The question popped up amid Hong Kong’s crisis — but is checking employees’ personal messages allowed in Singapore?
The latest feature of the ongoing Hong Kong crisis is ‘white terror’, where anonymous acts like random sackings take place and create a climate of fear among employees.
The sudden dismissal of Rebecca Sy, a union leader at Cathay Dragon airlines, was allegedly due to white terror.
She said she was fired without explanation, after managers saw and confirmed her Facebook account. She had a 17-year career with Cathay's budget airline.
White terror has spread beyond Cathay and into other industries — employees are saying they’re scared to even talk about the protests, let alone on private messaging platforms, for fear they’ll get reported to HR or management and lose their jobs.
The phenomenon has pushed some to question if monitoring employees’ phones or social media accounts is legal.
READ MORE: Businesses jittery over prolonged HK crisis
Is it legal in Singapore?
Over in Singapore, besides the European GDPR and local PDPA, what should employers be aware of when monitoring staff communications?
A local employment lawyer told HRD that “there are few legal barriers” to monitoring employees in the workplace.
“When a staff member accesses personal email through a company-issued computer or phone or via the internal company network, they will generally have no expectation of privacy,” he said.
“In addition, employment contracts or company policies often contain clauses which expressly permit an employer to monitor an employee’s online behaviour in the office or when using office resources.”
This does not mean that HR has free reign to read emails sent by employees, he said. In general, an employer should only read an employee’s personal messages if there is a reason to do so.
He recommends that HR put in place internal guidelines to avoid the misuse of such access, such as using employee information to harass or discriminate against them.
READ MORE: Chief data officer reveals the importance of HR in data
Laws to comply with
When drawing up company guidelines, HR should consider several laws: Personal Data Protection Act (PDPA), EU’s General Data Protection Regulation (GDPR), and Singapore’s Computer Misuse and Cybersecurity Act.
Exceptions in the PDPA allow for this consent within the employer-employee relationship whenever the data is used for the purpose of managing this relationship, said the lawyer.
However, whether the reading of personal messages actually falls under this exemption has not been tested yet. Breaching the provisions of the PDPA can result in fines of up to $1 million.
Do note that compliance with the PDPA does not necessarily mean the organisation is in compliance with the EU GDPR as there are differing requirements under the two regimes, according to local authorities.
When monitoring emails, it is critical that the employer does not carry out any activity that can be seen as an offence under the Act, warned the lawyer. This includes keylogging for passwords or accessing an email account when it is not logged on.

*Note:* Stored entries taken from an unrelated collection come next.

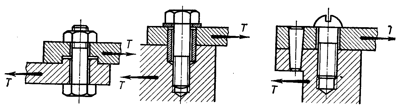 Для разгрузки болтов от поперечной силы применяют различные замки, втулки, штифты и др. (рис. 3.35). Роль болта в таких случаях сводится к обеспечению плотного соприкосновения деталей.
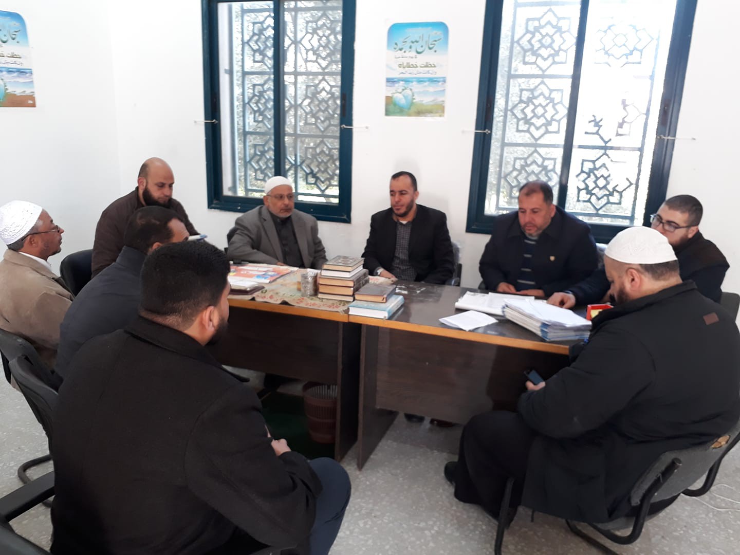 اجتمع مدير دائرة التحفيظ بوزارة الأوقاف أ. حمد النجار بموظفي قسمي التحفيظ بخان يونس ورفح برفقته رئيس قسم المراكز أ. توفيق حماد وذلك للاطلاع على سير العمل وبحث سبل الارتقاء في العمل ومتابعة سجلات المحفظين وخطة الحفظ والمراجعة والاختبارات التجميعية ومناقشة بعض القضايا المتعلقة بالتحفيظ. بحضور رؤساء أقسام التحفيظ والشعب والمرشدين.
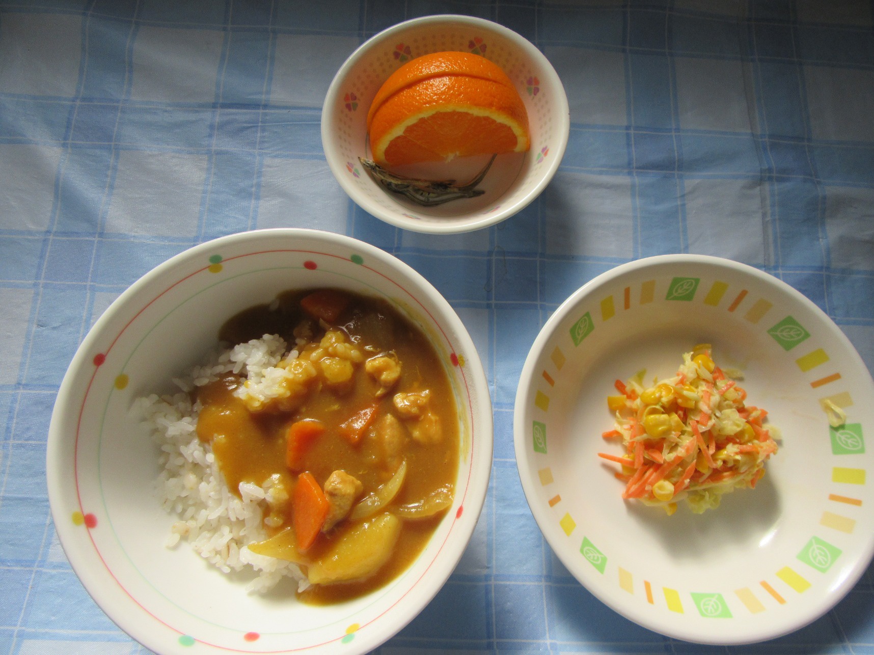【昼食】カレーライス・コールスローサラダ・バナナ・いりこ
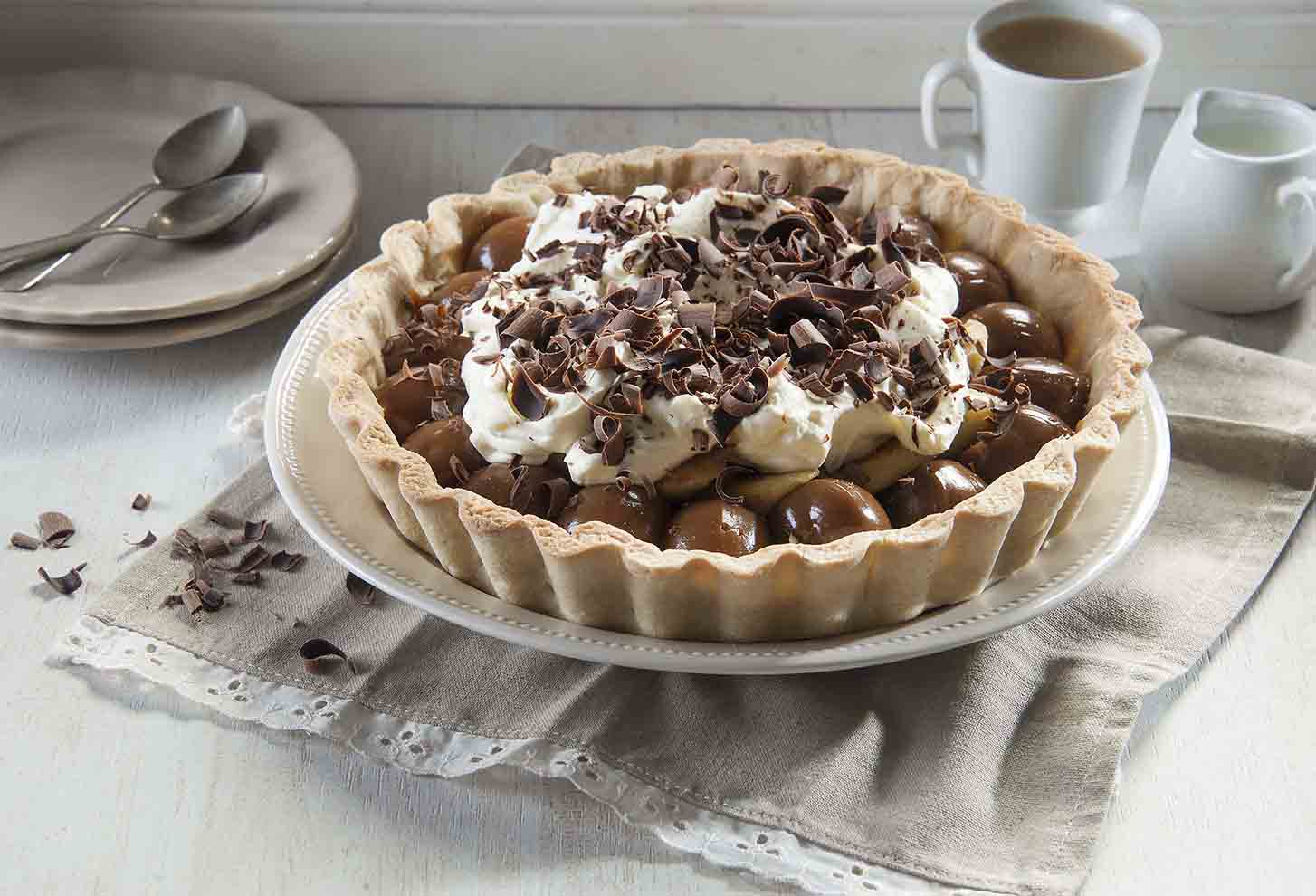 Esparcir el dulce de leche sobre la tarta. Colocar por encima las bananas doradas y la crema batida con el azúcar.
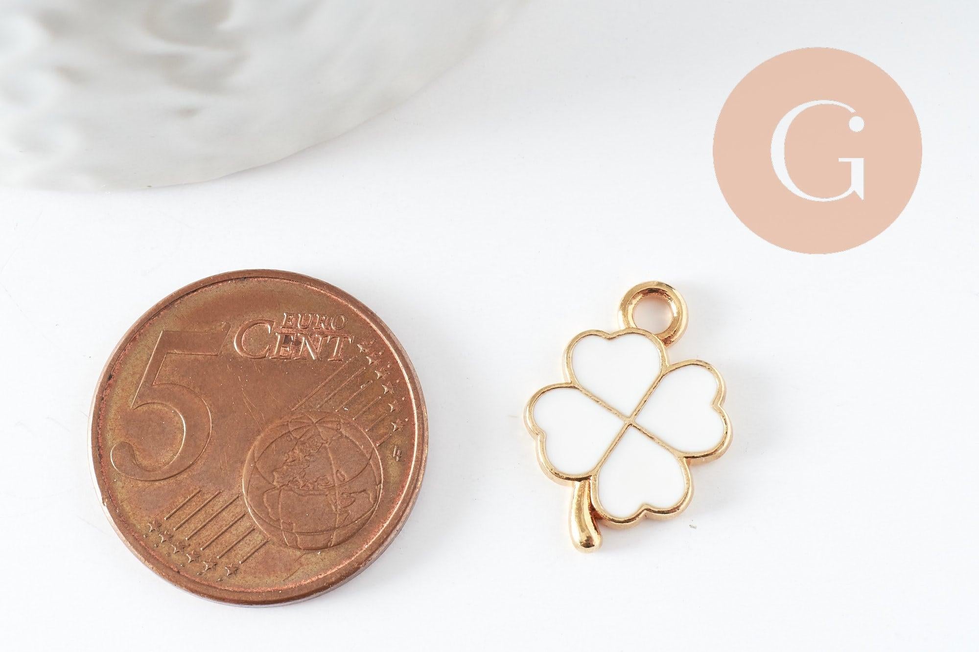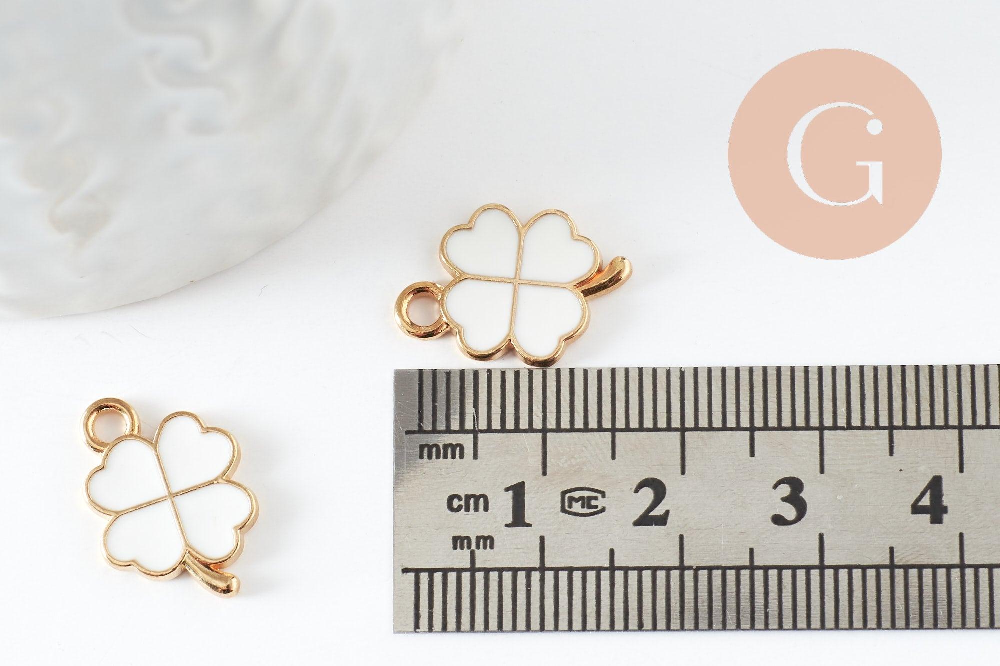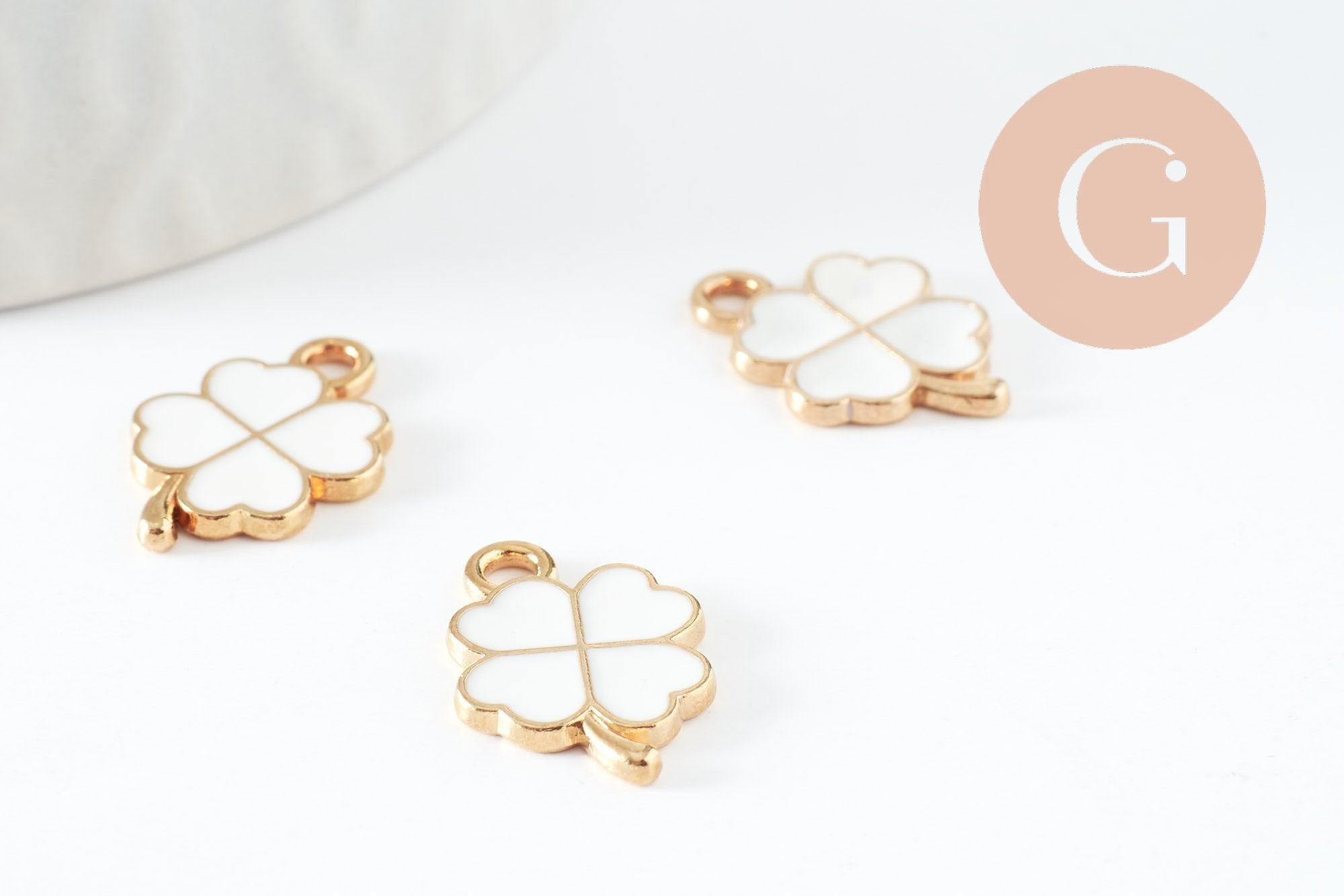Colgante de trébol de 4 hojas en zamac dorado con esmalte blanco, 18 mm, x2 (G5497)
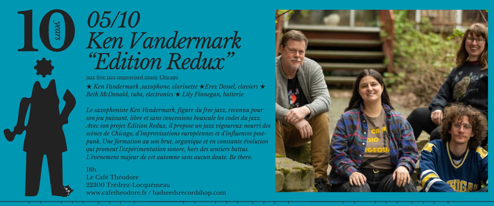Le saxophoniste Ken Vandermark, figure du free jazz, reconnu pour son jeu puissant, libre et sans concessions bouscule les codes du jazz. Avec son projet Édition Redux, il propose un jazz vigoureux nourri des scènes de Chicago, d’improvisations européennes et d’influences post-punk. Une formation au son brut, organique et en constante évolution qui promeut l’expérimentation sonore, hors des sentiers battus. L’évènement majeur de cet automne sans aucun doute. Be there.
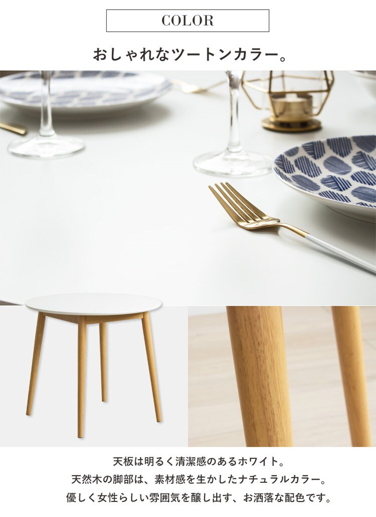 ダイニングテーブル 円形 80cm 白 カフェテーブル おしゃれ 円卓 2人用 2人掛け 北欧 木製 一人暮らし ダイニング 丸テーブル ラウンドテーブル 高さ70cm 省スペース 丸型 丸形 食卓 天然木【送料無料】
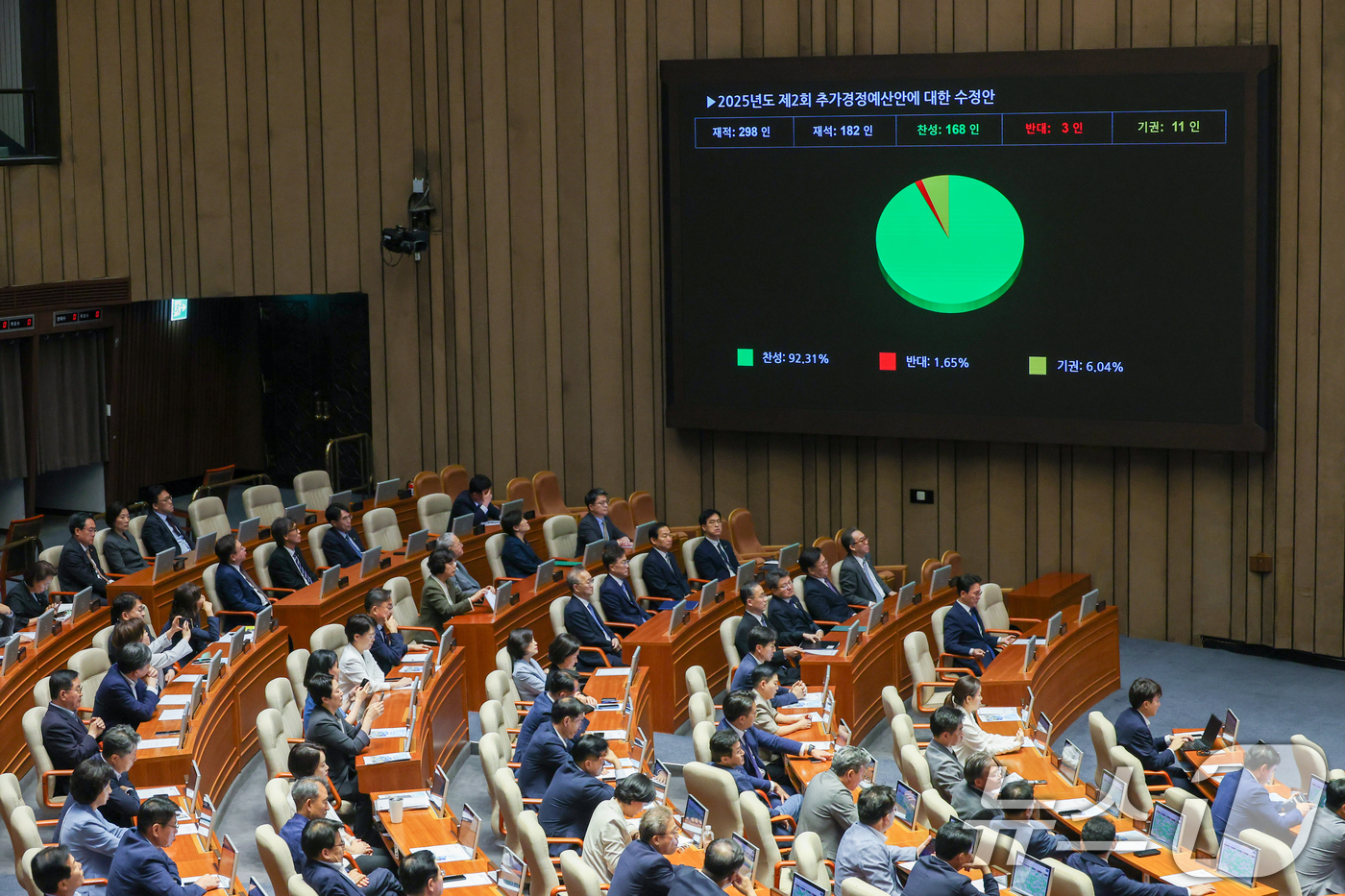 4일 오후 서울 여의도 국회에서 열린 제426회국회(임시회) 제5차 본회의에서 2025년도 제2회 추가경정예산안이 재적 298인, 재석 182인, 찬성 168인, 반대 3인, 기권 11인으로 통과되고 있다. ⓒ News1 안은나 기자 |
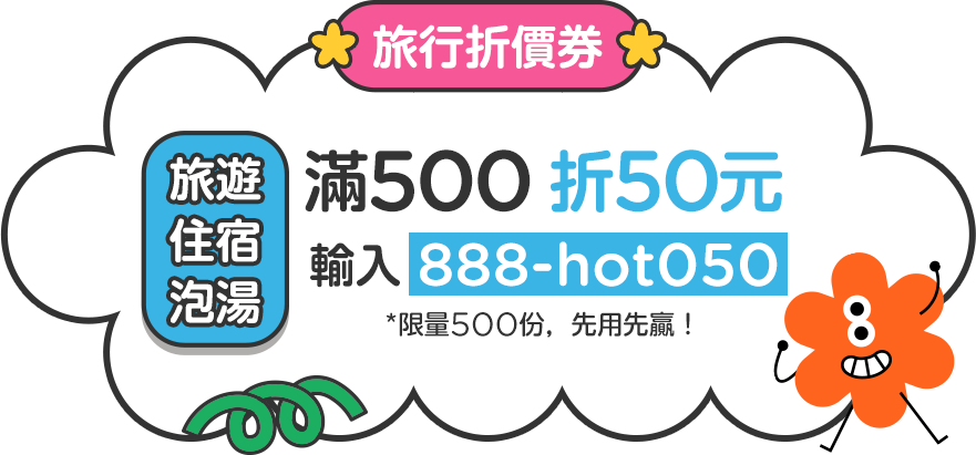 - 旅遊住宿.泡湯:輸入【888-hot050】滿 $500現折 50元。
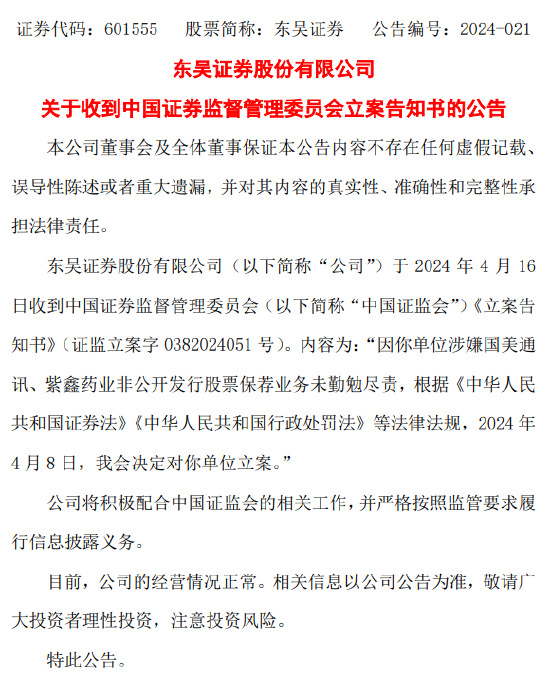 东吴证券公告,因公司涉嫌国美通讯、紫鑫药业非公开发行股票保荐业务未勤勉尽责,收到证监会立案告知书。
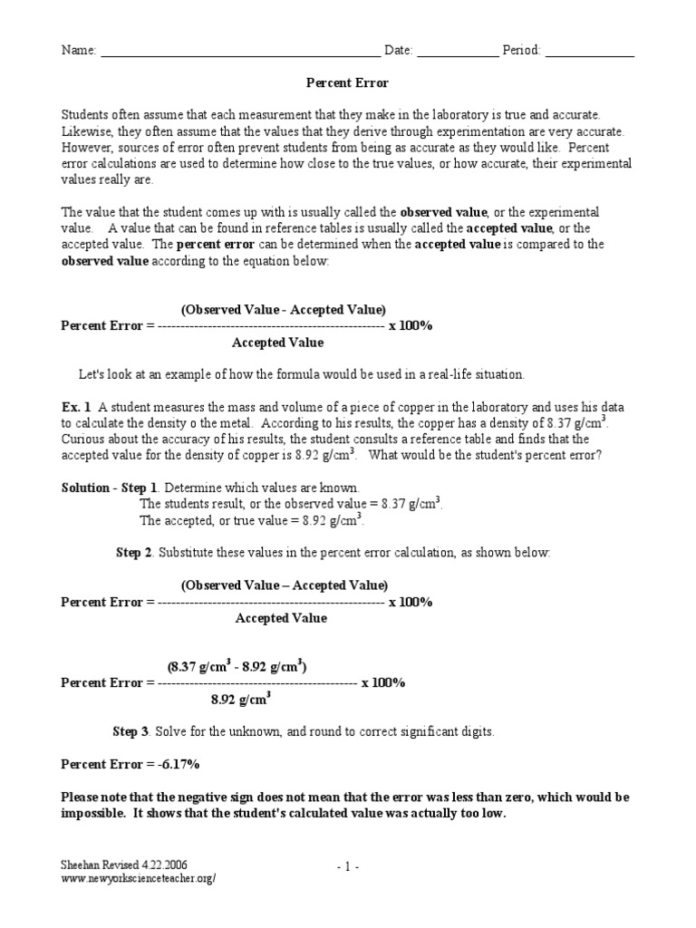 Percent Error Worksheet Chemistry at viinellieblog Blog
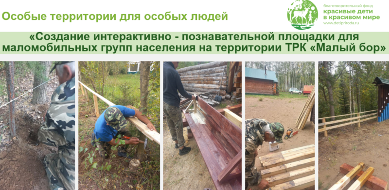 Проект по созданию интерактивной площадки для маломобильных групп населения в Малом бору активно набирает обороты Реализация проекта по созданию интерактивной площадки для маломобильных групп населения в туристско-рекреационном комплексе «Малый бор» активно набирает обороты. Данный проект имеет важное социальное и просветительское значение, так как направлен на развитие доступной среды и вовлечение людей с ограниченными возможностями здоровья в эколого -познавательные и природоохранные мероприятия. На текущем этапе проведены конкурсные процедуры: организованы и завершены аукционы на определение поставщика специализированного санитарного оборудования — туалетного модуля для маломобильных групп населения, а также на устройство самой площадки и установку интерактивных объектов и стендов. Эти мероприятия позволили определить подрядчиков, которые возьмут на себя выполнение ключевых технических задач. Параллельно сотрудники Елабужского участкового лесничества ведут подготовительные и строи
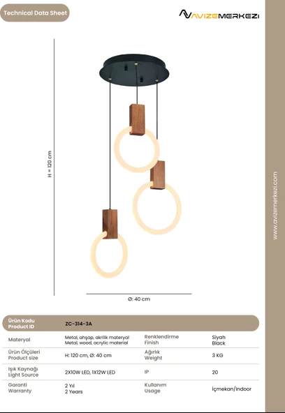 3'lü Yuvarlak Sarkıt MEŞE ZC-314-3A
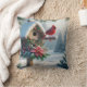 Coussin Cardinal d'hiver sur une maison d'oiseaux festive

For example, monitoring the employee’s internet history found stored on company servers should not be an issue, said the lawyer. However, actually entering in an employee’s password to access their personal email account could have serious ramifications.
Those found guilty of violating the Computer Misuse and Cybersecurity Act can receive a fine of up to $50,000 or seven years in jail.
“Personal data itself is very generally defined and could include the information in an employee’s personal email account,” the lawyer said.
“HR should ensure that the company’s employment contracts expressly provide for the monitoring of an employee’s personal matters online when office resources are used.”